Rid the World

Written by Rob Johnston, Directed by Ed Barrett
Breathe Out Theatre
Unity Theatre, 17th - 19th March 2011

Reviewed by Ritchie Hunter

Credit is due to all those involved in bringing this play to the Unity Theatre. There were some deep questions explored here, about the role of the union leaders and the dynamics of the personalities involved in the 1911 Transport Strikes. There was also a question and answer session afterwards between the audience and the production crew.

It is hard to work out, though, what this play was trying to achieve. If it was to give us an understanding of what happened, then I suspect only those with prior knowledge of the events would have followed all of it. Any play about a popular uprising must try to educate and enthuse as wide an audience as possible to draw out the lessons for the present. It would be interesting to find out how many of this audience came away with a clear understanding of the events of 1911, never mind the messages they hold for us now.

There was a failure here to tell the stories of the mass of workers who took to the streets and organised on the front line.

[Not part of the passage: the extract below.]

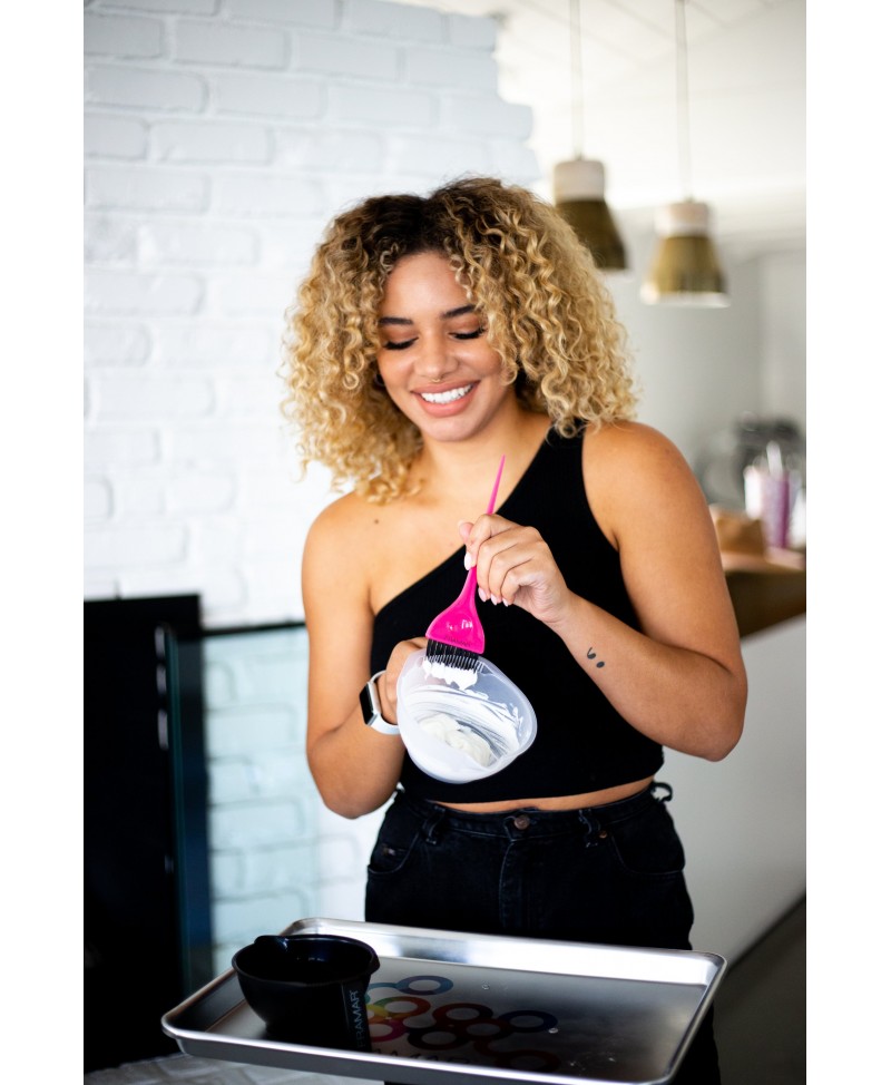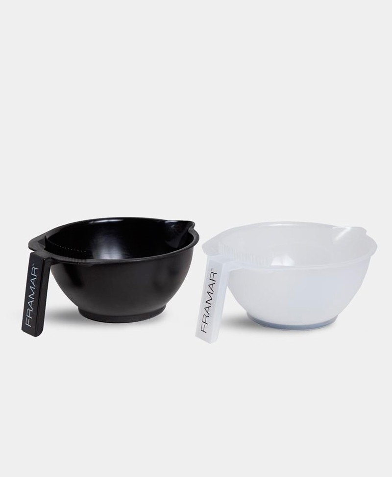 Los tazones tienen un fondo de goma y un pico de fácil vertido para tus colores, tratamientos y una fácil limpieza.

A hundred years ago, in a series of rolling strikes, one body of workers after another won concessions from their employers. The traditionally separate bodies of workers: seamen, dockers, carters, railwaymen and tram drivers, was broken down and a city wide solidarity led to Liverpool being controlled by the strike committee; in effect a workers council.

When thinking about workers occupying and running a city, the song by Alun Parry about the Limerick Soviet springs to mind, when in 1919, as a reaction to harsh British rule, a strike committee was elected to control Limerick.

The 1911 events are just as important in our history and, if they had happened after the 1917 Russian Revolution, would surely have led to a Liverpool Soviet.

Some sense of this could have been achieved by a using a backdrop of images of the time (see Nerve 1911 Calendar). Not having this link to the mass of workers meant that the main characters came across as individuals, and a bit stereotypical.

Tom Mann, the earnest thinker, who professed inclusion but seemed to take decisions on his own, came across as all knowing to the point of boring. That he must have been going though turmoil trying to co-ordinate events in the ‘organisers graveyard’ of Liverpool, was only shown fleetingly. He did at one point say, jokingly, that all he wanted to do was work a vegetable plot.

James Sexton was the typical union officer, jokey and brash, but basically weak, following the official union leaders line.

John (George) Milligan, the unofficial dockers’ leader was portrayed as a head strong, fist fighting unco-operative man with a heart of gold.

For all this, I enjoyed watching the play, there were some funny scenes, it kept the audience interested, and it stimulated a lot of useful debate.